With Friday’s sharp rebound, which pushed the Dow Jones Industrial Average past 50,000 for the first time, the S&P 500 managed to recover its losses and move well past its 50-day moving average near 6886. Early next week, we’ll want to see if that support level holds and what that could mean for the market. However, even after Friday’s more than 2% jump in the Nasdaq Composite, it still finished the week down ~1.6% and, as we can see in the chart below, beneath its 100-day moving average. The drivers behind that took a toll on the Pro Portfolio with the declines in Amazon (AMZN) , Axon (AXON) , Meta (META) , ServiceNow (NOW) , Microsoft (MSFT) , and Palantir (PLTR) .

On Friday, we explained why we are inclined to remain long AMZN shares, and our position on META shares hasn’t changed since the prior week. The catalyst that led us to pick up more AXON speaks to the expanding use of body cameras and the higher margin services business, which should continue to drive favorable operating leverage. That keeps us bullish on AXON.
We also discussed this week why, even after the pounding that software stocks have taken, we’re not throwing in the towel just yet. We shared sobering comments about what has come to be called "Software-mageddon" from Nvidia’s (NVDA) Jensen Huang, Advanced Micro Devices' (AMD) Lisa Su, and ARM (ARM) CEO Rene Haas, as well as why, to use some of their words, it is “illogical” and a “micro-hysteria.” To that, we’ll add the severe oversold condition for NOW and AXON, the oversold one for MSFT shares, and PLTR shares narrowly escaping that condition on Friday.
We recognize it may take some time for these shares to rebound, but we could also see a quick snapback given those RSI readings. As we have done in the past, we will follow the money, and based on rising backlog, total contract, and RPO levels, we should see higher stock prices for these companies. We’ll watch call option flow and other indicators, including upcoming conference appearances, and yes, we are considering putting some of the Portfolio’s capital to work.
Focusing solely on those six beleaguered stocks, one can miss the double-digit move in United Rentals (URI) this week and mid-to-high-single-digit gains from Apple (AAPL) , Bank of America (BAC) , Costco (COST) , and Eaton (ETN) . Others in the Portfolio, including American Express (AXP) , Labcorp (LH) , Morgan Stanley (MS) , TJX (TJX) , Welltower (WELL) , and Waste Management (WM) , were outperformers this week.
Enjoy the weekend, Saturday’s Signals alert, where we share 23 signals across 8 of the strategies we use to manage the Portfolio, and, of course, the Super Bowl, its commercials, and all the fixings.

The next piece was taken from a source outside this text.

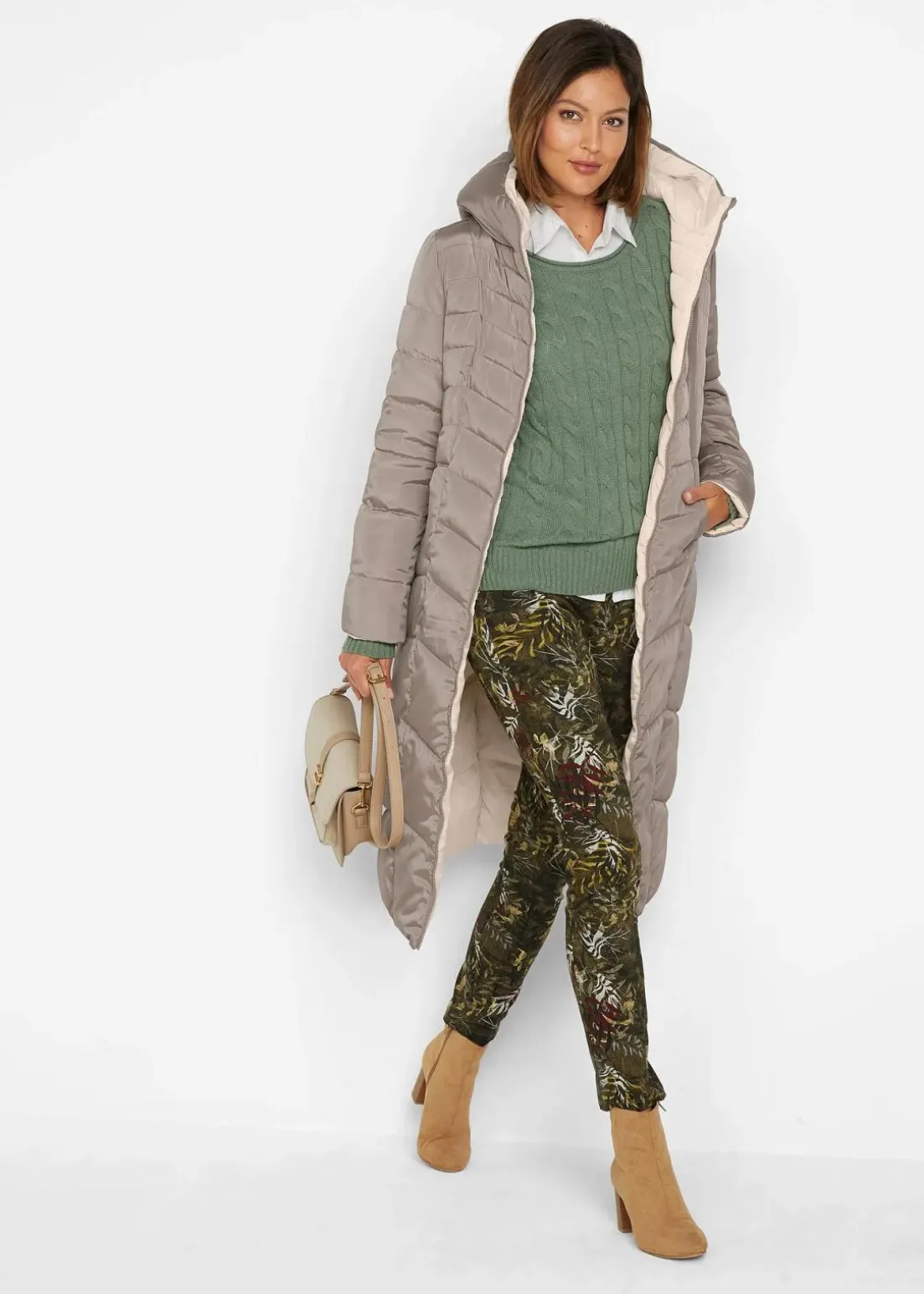 Durch die Wendefunktion ist der modische Steppmantel vielseitig kombinierbar.

See you back here, bright and early on Monday.
Catching Up on the Portfolio This Week
We largely stayed on the sidelines during the week as the market continued to move lower through Thursday, dragging many stocks in and out of the Portfolio with it. We did use the announcement that the Department of Homeland Security will expand the use of body cameras nationwide, and the oversold condition in Axon (AXON) shares to pick up more for the Portfolio.

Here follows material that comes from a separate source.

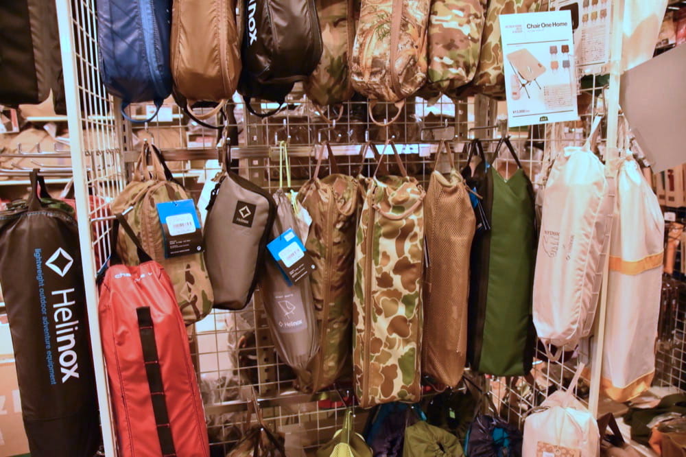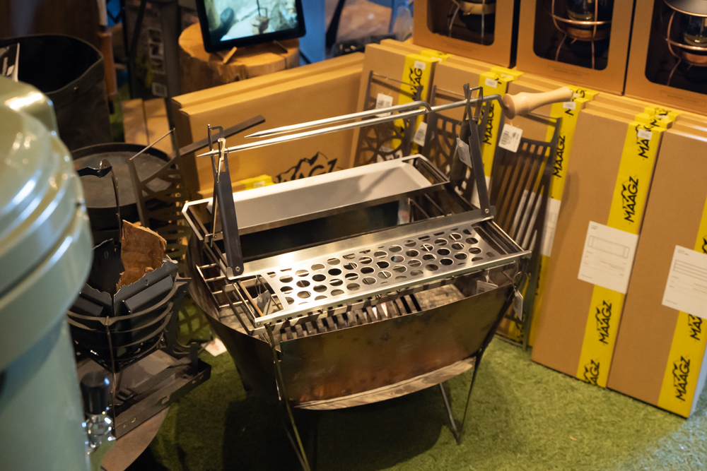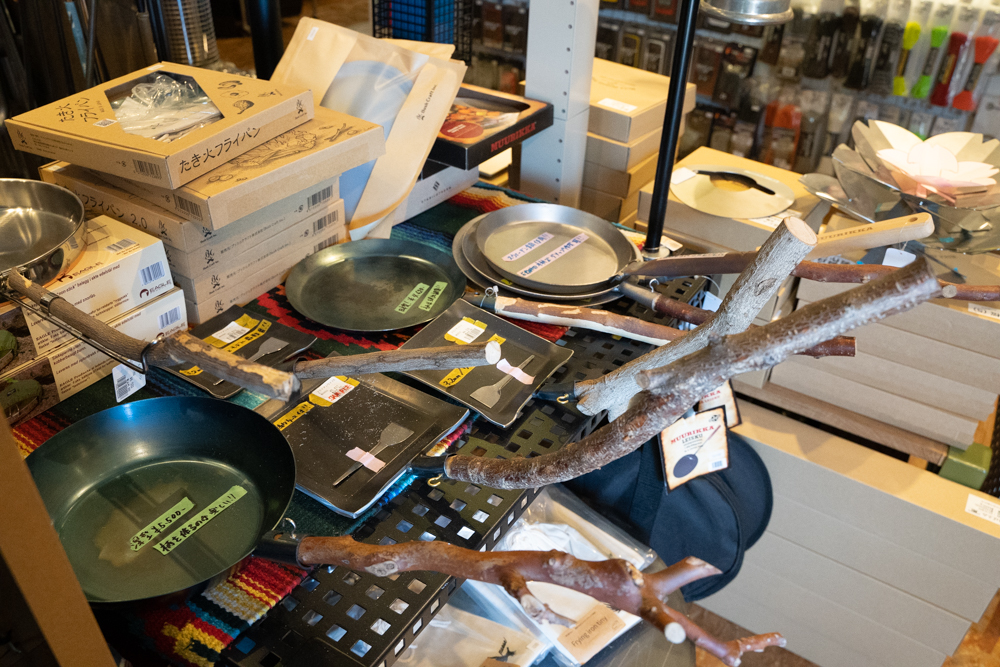 ブッシュクラフトincの調理器具も充実。このコーナー以外にも調理器具が並び充実度はかなりのもの。

Given our discussion for the bulk of the Portfolio’s holdings above, we’ll skip to the EPS Diplomats. While the move lower in gold and silver prices took some wind out of the Diplomats last week and early this week, the rebound in gold prices and the outsized gains this week for shares of Lumentum (LITE) and SiTime Corp. (SITM) led the basket to regain a considerable amount of the ground it lost last week. Closing out the first five weeks of 2026, this basket is up ~9%.

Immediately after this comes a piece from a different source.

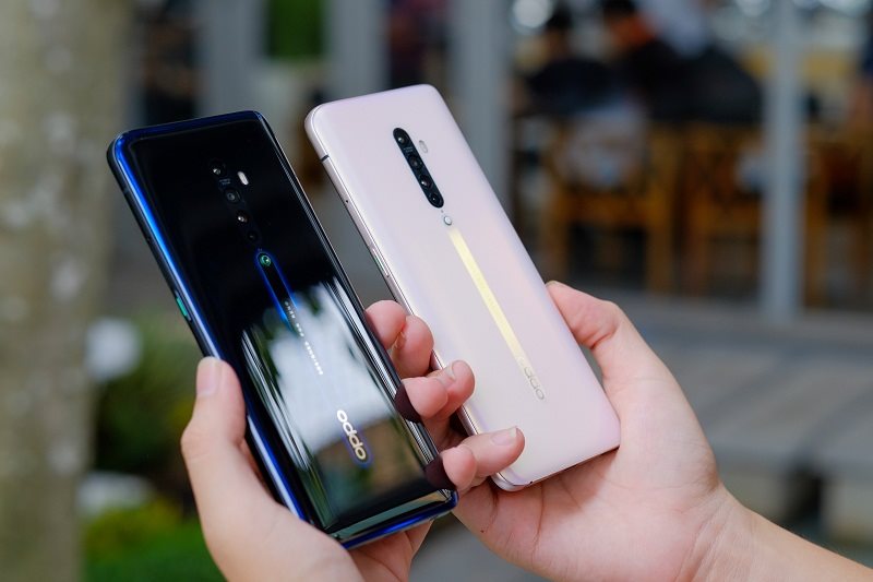 Khác biệt dễ nhận thấy nhất giữa Reno2 series và Reno đời đầu là ở tuỳ chọn màu sắc, trong khi OPPO Reno2 có tuỳ chọn Đen Lân Tinh và Hồng San Hô, thì Reno2 F sở hữu màu Trắng Hoa Tuyết và Xanh Biển Hồ.

Barring any buying activity early next week, we should see a modest increase in the Portfolio’s cash position as we book dividend payments from American Express (AXP) , Apple (AAPL) , Costco (COST) , and Morgan Stanley (MS) .
Now let’s see what others on Wall Street had to say about the Portfolio’s holdings during this "wild ride" of a week for the market:
Monday: In addition to Dutch Bros (BROS) joining the S&P 400, shares of ServiceNow (NOW) were added to the Goldman Sachs U.S. Conviction List, and the firm’s NOW price target of $216 was reiterated. Citi trimmed its United Rentals (URI) price target to $950 from $1,090, matching our price target for the shares. JPMorgan trimmed its American Express target by $10 to $375, while Truist revised its to $400. Piper Sandler reiterated its $600 target for Microsoft (MSFT) as well as its Overweight rating.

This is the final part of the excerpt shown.